- [EXERCISE DETAILS] Each record that follows should be repeated exactly, with no pictures carried over.

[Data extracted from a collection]
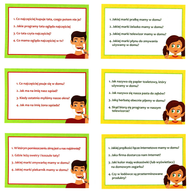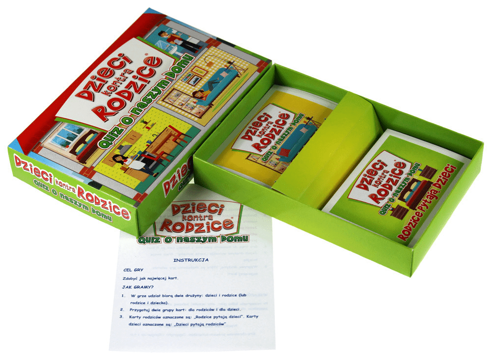 Czy znasz swój dom? Kto najdłużej bierze prysznic? Gdzie trzymamy skarpety? Czy mamy śrubokręt? Wesołe pytania dostarczą zabawy całej rodzinie oraz pozwolą lepiej poznać dzieciom swoje mieszkanie. W grze znajdziecie pytania przygotowane specjalnie dla dzieci i dla rodziców.
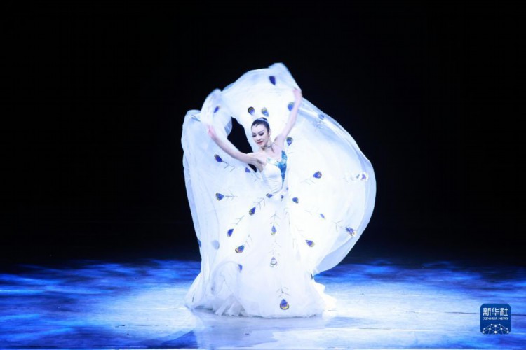 4月22日,演员在公众开放日上为观众表演孔雀舞。 当日, “请你跟我一起来”中央民族歌舞团2023年公众开放日活动在北京举行。本次公众开放日以“春”为主题,面向社会公众发出邀请,近距离感受艺术精品的独特魅力,倾听台前幕后的感人故事,以文化人、以艺通心。新华社记者 潘旭 摄
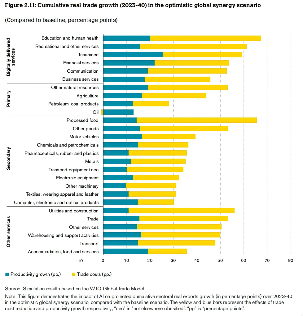 在人工智能技术的驱动下,数字交付服务将经历最高的贸易增长。该研究将贸易增长预测划分为四大领域:第一产业(农业与矿业)、第二产业(制造业)、第三产业中的数字服务(数字化交付服务)以及其他服务。人工智能技术预计将对数字化服务领域产生最大推动作用,而农产品出口增幅预计最为有限。在乐观的“全球协同”效应情景下,数字化服务领域的累计增长率预计将达近18个百分点,成为增长最快的板块。人工智能对实际贸易增长的影响在行业内部也存在差异。正如图2.11所示,在乐观的“全球协同”情景下,教育、医疗、娱乐和金融等数字交付服务,以及食品加工业等制造业预计将实现显著的贸易增长,这主要由贸易成本的下降推动。相反,与自然资源开采(如石油)相关的行业,以及纺织业、计算机、电子和光学产品等制造业,预计因人工智能的作用而增长有限。
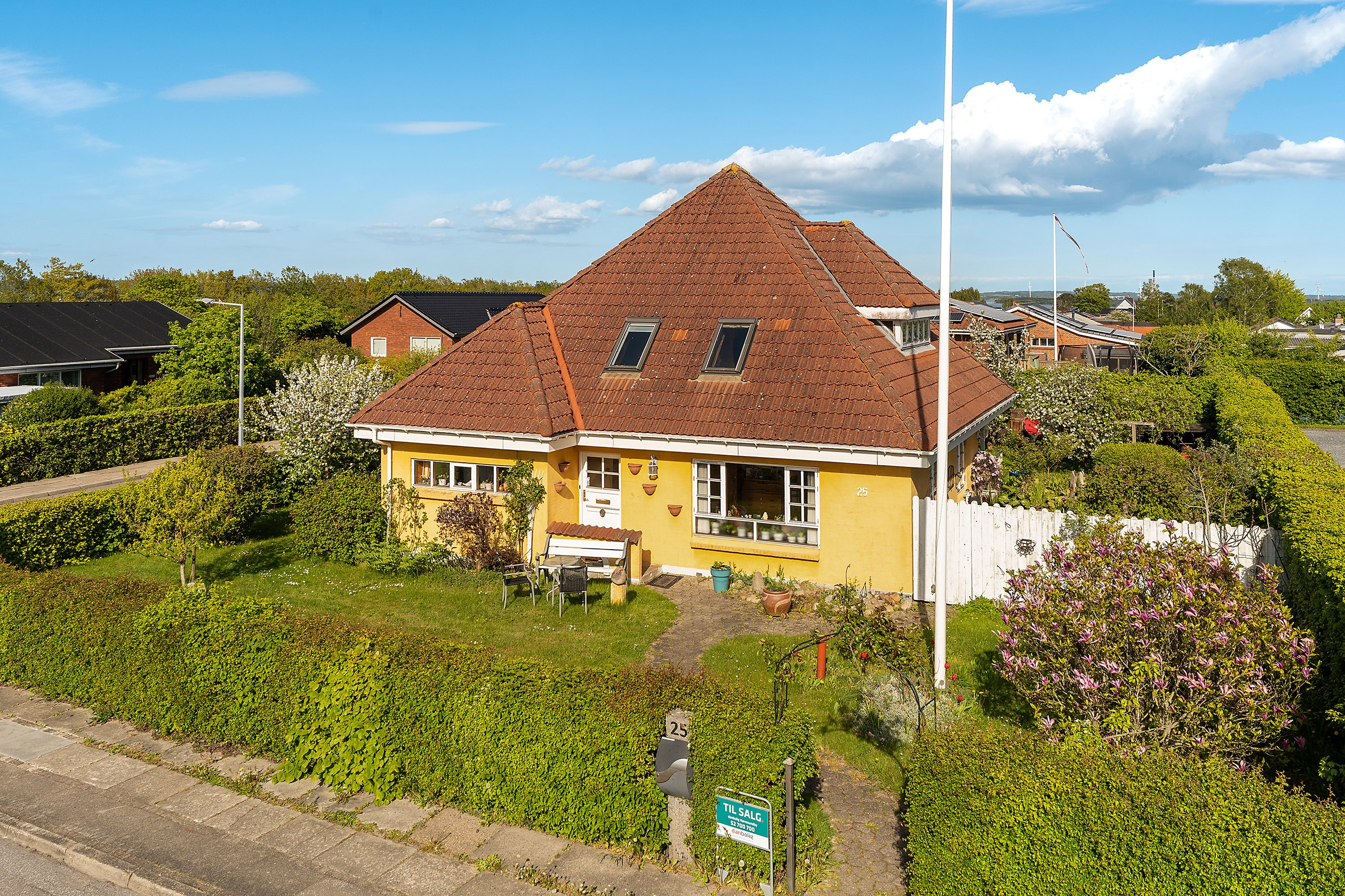 Udefra præsenterer villaen sig særdeles charmerende med solgul facade, hvide sprossevinduer og rødt valmtag. Den dobbelte carport er opført i matchende stil. Den solbeskinnede have er nydeligt anlagt med flere terrasser og varieret beplantning, så der er flere gode hyggekroge at tilbringe sommer og solskinstimer i.
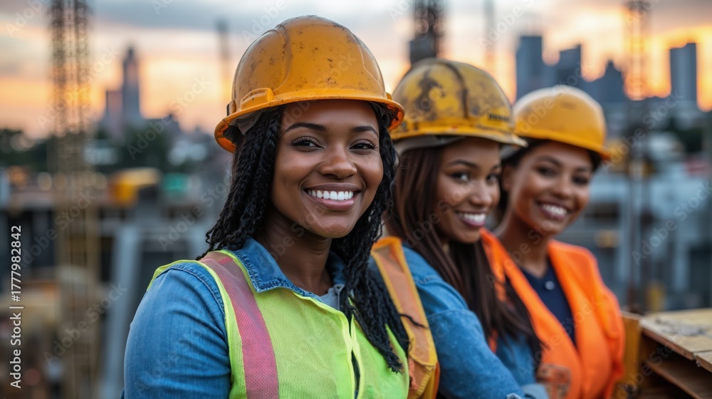 Smiling construction workers in safety gear, portrait of african women at an urban building site during sunset #1777982842
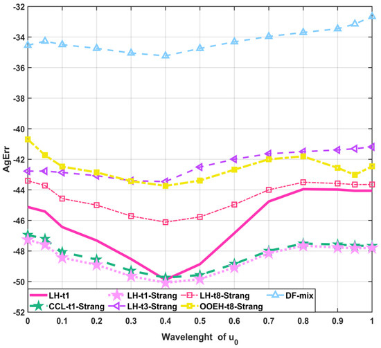 Aggregated errors (AgErr) for different wavelength values of the top 7 methods.
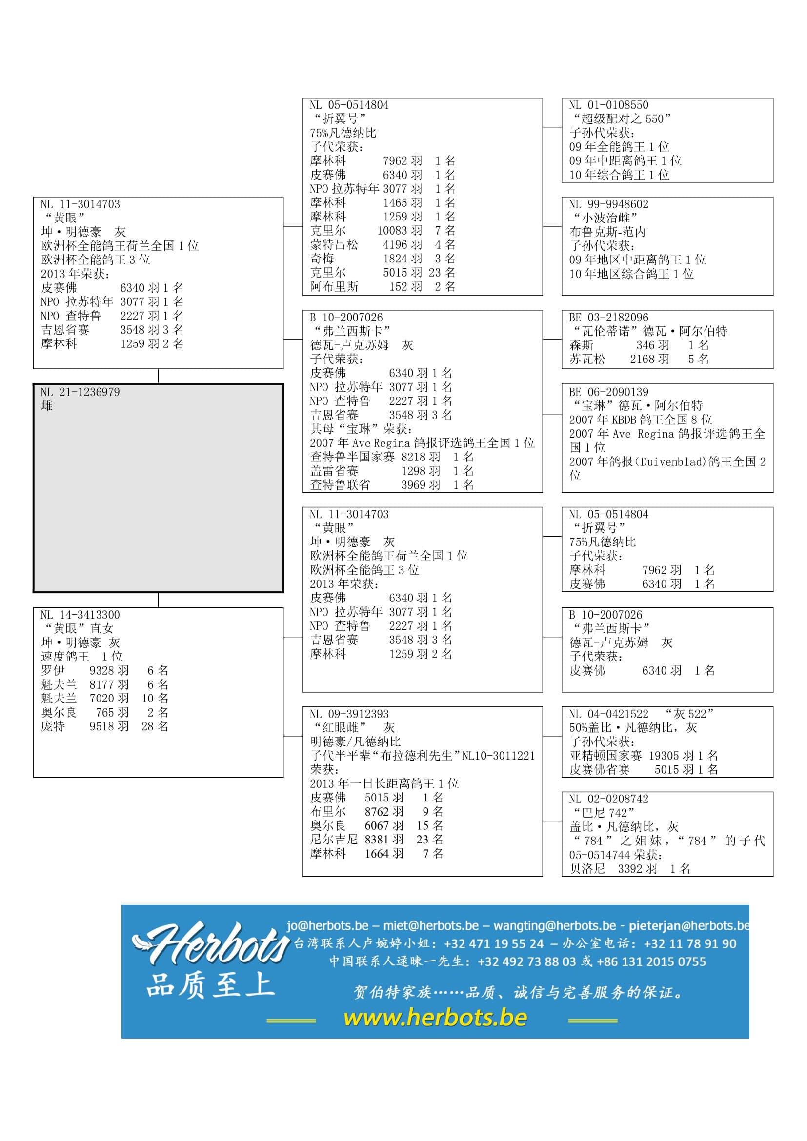 作出多代顶级鸽,在各种类型的比赛中获得高位翔绩,如2023年阿让国际赛1名等;在世界各地获得成千上万次冠军。
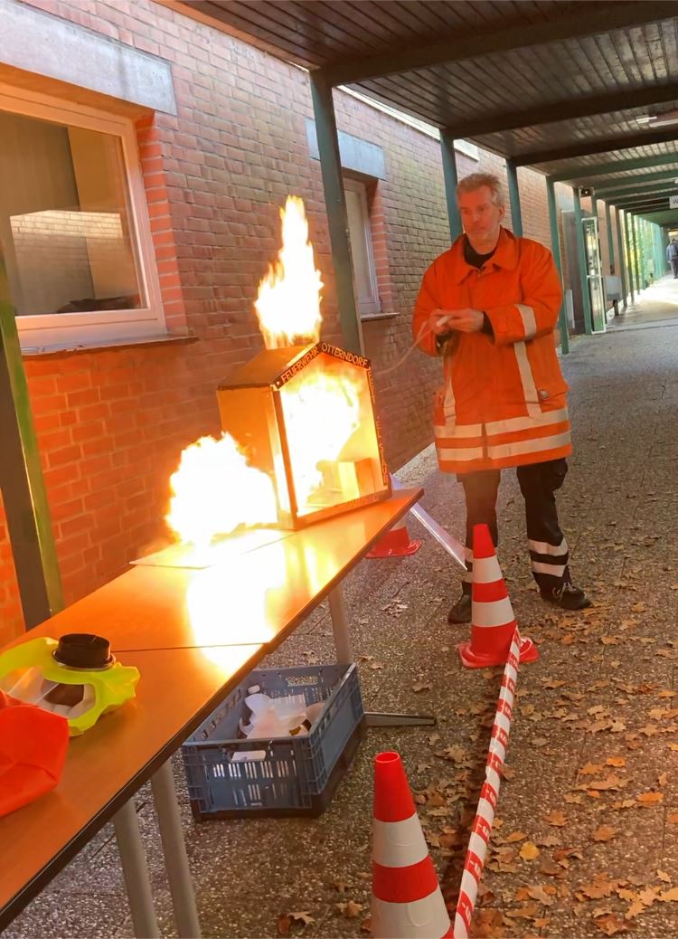 Feuerlöschübungen: Mit Unterstützung der Feuerwehr erlernten die Teilnehmenden den sicheren Umgang mit Feuerlöschern und Löschdecken und trainierten die Brandbekämpfung in verschiedenen Szenarien.
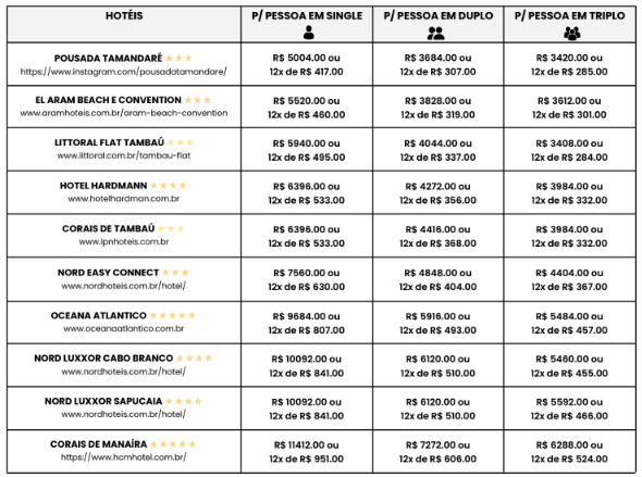 - Valores sujeitos a alteração conforme disponibilidade de hotel.
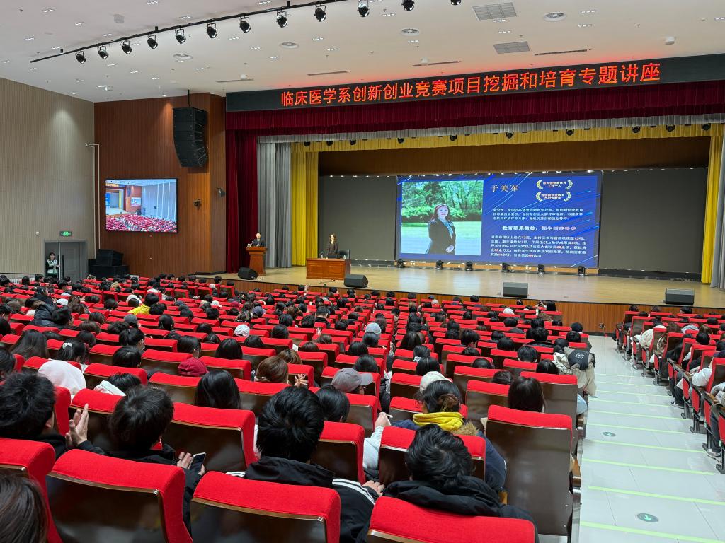 为深化医学职业教育改革,提升学生创新创业能力,大庆医学高等专科学校临床医学系于12月17日邀请省级优秀创新创业导师于美军老师在报告厅举办“医学创新创业竞赛项目挖掘与培育”专题讲座。本次培训旨在引导学生对接基层医疗实际需求,将专业技能转化为具有实践价值的创新项目,探索“以赛促学、以专促创、以创强专”的培养路径。讲座由临床医学系学生党支部书记张竹主持,系部专业教师、辅导员、学生代表近500余人参加了培训。
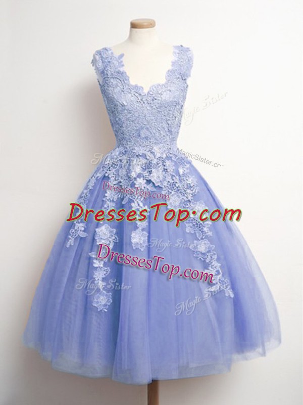 Appliques Court Dresses for Sweet 16 Lavender Lace Up Sleeveless Knee Length
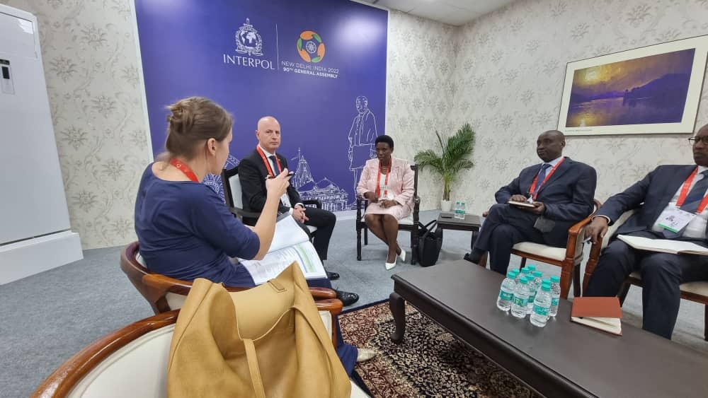 The Rwandan delegation headed by the Secretary General of Rwanda Investigation Bureau (RIB), Jeannot Ruhunga alongside Rwanda National Police (RNP) Deputy Inspector General of Police (DIGP) in charge of Administration and Personnel, Jeanne-Chantal Ujeneza, is in New Delhi, India where they are attending the 90th INTERPOL General Assembly, which started on October 18. Rwanda hosted the 84th Interpol General Assembly in November 2015. On the sideline of the ongoing 90th INTERPOL GA, on Tuesday, the Rwandan delegation held series of bilateral meetings with Police Chiefs and other high-ranking officials from law enforcement agencies in Europe and Africa. DIGP Ujeneza, during the meeting with the Commander-in-Chief of the Polish Police, Gen. Jaroslaw Szymczyk; they discussed ways for RNP and Polish Police to work together in various matters of policing, including capacity building and fight against transnational organized crime. DIGP Ujeneza also met with the Czech Republic Police delegation headed by Col. Sarka Hvrankova, the Director of International Police Cooperation. They also discussed ways to formalize cooperation especially in capacity development. Meanwhile, the Rwandan delegation held a meeting with the Governor Director General of Turkish Police National Police, Mr Mehmet Aktas, who appreciated the good relations between Rwanda and Turkey. In other separate bilateral meetings, the Rwandan delegation met with the Acting Botswana Commissioner of Police, Mr. Phemelo Ramakorwane, the National Commissioner of Eswatini Royal Police, Mr. William Dlamini, Namibian Police Chief, Lt. Gen Joseph Shimweelao Shikongo, Zimbabwe Commissioner General of Police, Mr. Tandabantu Godwin Matanga, and the General Commissioner of Belgian Federal Police, Mr. Marc Mesmaeker. Discussions focused on building and strengthening cooperation and collaboration in policing matters. The 90th Interpol General Assembly, which started on Tuesday, October 18, will this Wednesday focus on strengthening collaborative response to financial crime and corruption, governance and data processing as well as operational and strategic partnership.
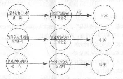 6.读我国东部沿海地区三家境外投资建厂的原料地、配件供应地和产品市场示意图。图示
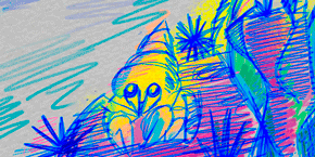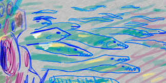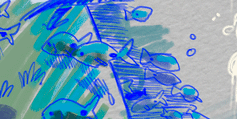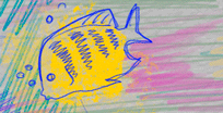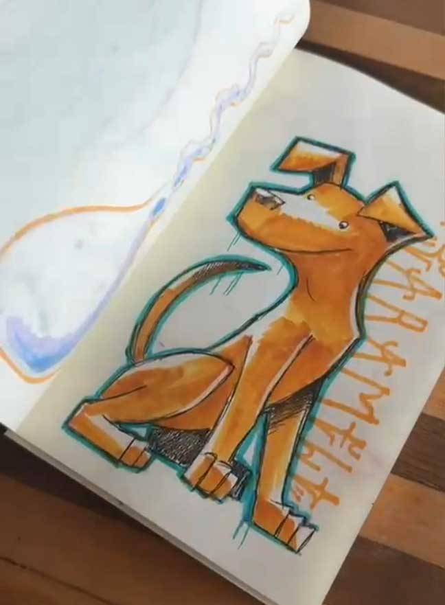 Para manter a identidade visual das artes feitas pelo personagem Léo, também fui escalado para criar artes no estilo graffiti. Na primeira ilustração tentei expressar o mesmo traço que fiz nos flipbooks. Fiz questão de colocar esse fundo de tubarão, inspirado no logo de Sonic Adventure 2.

- [ANSWER SPACE]
 Czy znasz swój dom? Kto najdłużej bierze prysznic? Gdzie trzymamy skarpety? Czy mamy śrubokręt? Wesołe pytania dostarczą zabawy całej rodzinie oraz pozwolą lepiej poznać dzieciom swoje mieszkanie. W grze znajdziecie pytania przygotowane specjalnie dla dzieci i dla rodziców.
 4月22日,演员在公众开放日上为观众表演孔雀舞。 当日, “请你跟我一起来”中央民族歌舞团2023年公众开放日活动在北京举行。本次公众开放日以“春”为主题,面向社会公众发出邀请,近距离感受艺术精品的独特魅力,倾听台前幕后的感人故事,以文化人、以艺通心。新华社记者 潘旭 摄
 在人工智能技术的驱动下,数字交付服务将经历最高的贸易增长。该研究将贸易增长预测划分为四大领域:第一产业(农业与矿业)、第二产业(制造业)、第三产业中的数字服务(数字化交付服务)以及其他服务。人工智能技术预计将对数字化服务领域产生最大推动作用,而农产品出口增幅预计最为有限。在乐观的“全球协同”效应情景下,数字化服务领域的累计增长率预计将达近18个百分点,成为增长最快的板块。人工智能对实际贸易增长的影响在行业内部也存在差异。正如图2.11所示,在乐观的“全球协同”情景下,教育、医疗、娱乐和金融等数字交付服务,以及食品加工业等制造业预计将实现显著的贸易增长,这主要由贸易成本的下降推动。相反,与自然资源开采(如石油)相关的行业,以及纺织业、计算机、电子和光学产品等制造业,预计因人工智能的作用而增长有限。
 Udefra præsenterer villaen sig særdeles charmerende med solgul facade, hvide sprossevinduer og rødt valmtag. Den dobbelte carport er opført i matchende stil. Den solbeskinnede have er nydeligt anlagt med flere terrasser og varieret beplantning, så der er flere gode hyggekroge at tilbringe sommer og solskinstimer i.
 Smiling construction workers in safety gear, portrait of african women at an urban building site during sunset #1777982842
 Aggregated errors (AgErr) for different wavelength values of the top 7 methods.
 作出多代顶级鸽,在各种类型的比赛中获得高位翔绩,如2023年阿让国际赛1名等;在世界各地获得成千上万次冠军。
 Feuerlöschübungen: Mit Unterstützung der Feuerwehr erlernten die Teilnehmenden den sicheren Umgang mit Feuerlöschern und Löschdecken und trainierten die Brandbekämpfung in verschiedenen Szenarien.
 - Valores sujeitos a alteração conforme disponibilidade de hotel.
 为深化医学职业教育改革,提升学生创新创业能力,大庆医学高等专科学校临床医学系于12月17日邀请省级优秀创新创业导师于美军老师在报告厅举办“医学创新创业竞赛项目挖掘与培育”专题讲座。本次培训旨在引导学生对接基层医疗实际需求,将专业技能转化为具有实践价值的创新项目,探索“以赛促学、以专促创、以创强专”的培养路径。讲座由临床医学系学生党支部书记张竹主持,系部专业教师、辅导员、学生代表近500余人参加了培训。
 Appliques Court Dresses for Sweet 16 Lavender Lace Up Sleeveless Knee Length
 The Rwandan delegation headed by the Secretary General of Rwanda Investigation Bureau (RIB), Jeannot Ruhunga alongside Rwanda National Police (RNP) Deputy Inspector General of Police (DIGP) in charge of Administration and Personnel, Jeanne-Chantal Ujeneza, is in New Delhi, India where they are attending the 90th INTERPOL General Assembly, which started on October 18. Rwanda hosted the 84th Interpol General Assembly in November 2015. On the sideline of the ongoing 90th INTERPOL GA, on Tuesday, the Rwandan delegation held series of bilateral meetings with Police Chiefs and other high-ranking officials from law enforcement agencies in Europe and Africa. DIGP Ujeneza, during the meeting with the Commander-in-Chief of the Polish Police, Gen. Jaroslaw Szymczyk; they discussed ways for RNP and Polish Police to work together in various matters of policing, including capacity building and fight against transnational organized crime. DIGP Ujeneza also met with the Czech Republic Police delegation headed by Col. Sarka Hvrankova, the Director of International Police Cooperation. They also discussed ways to formalize cooperation especially in capacity development. Meanwhile, the Rwandan delegation held a meeting with the Governor Director General of Turkish Police National Police, Mr Mehmet Aktas, who appreciated the good relations between Rwanda and Turkey. In other separate bilateral meetings, the Rwandan delegation met with the Acting Botswana Commissioner of Police, Mr. Phemelo Ramakorwane, the National Commissioner of Eswatini Royal Police, Mr. William Dlamini, Namibian Police Chief, Lt. Gen Joseph Shimweelao Shikongo, Zimbabwe Commissioner General of Police, Mr. Tandabantu Godwin Matanga, and the General Commissioner of Belgian Federal Police, Mr. Marc Mesmaeker. Discussions focused on building and strengthening cooperation and collaboration in policing matters. The 90th Interpol General Assembly, which started on Tuesday, October 18, will this Wednesday focus on strengthening collaborative response to financial crime and corruption, governance and data processing as well as operational and strategic partnership.
 6.读我国东部沿海地区三家境外投资建厂的原料地、配件供应地和产品市场示意图。图示
 Para manter a identidade visual das artes feitas pelo personagem Léo, também fui escalado para criar artes no estilo graffiti. Na primeira ilustração tentei expressar o mesmo traço que fiz nos flipbooks. Fiz questão de colocar esse fundo de tubarão, inspirado no logo de Sonic Adventure 2.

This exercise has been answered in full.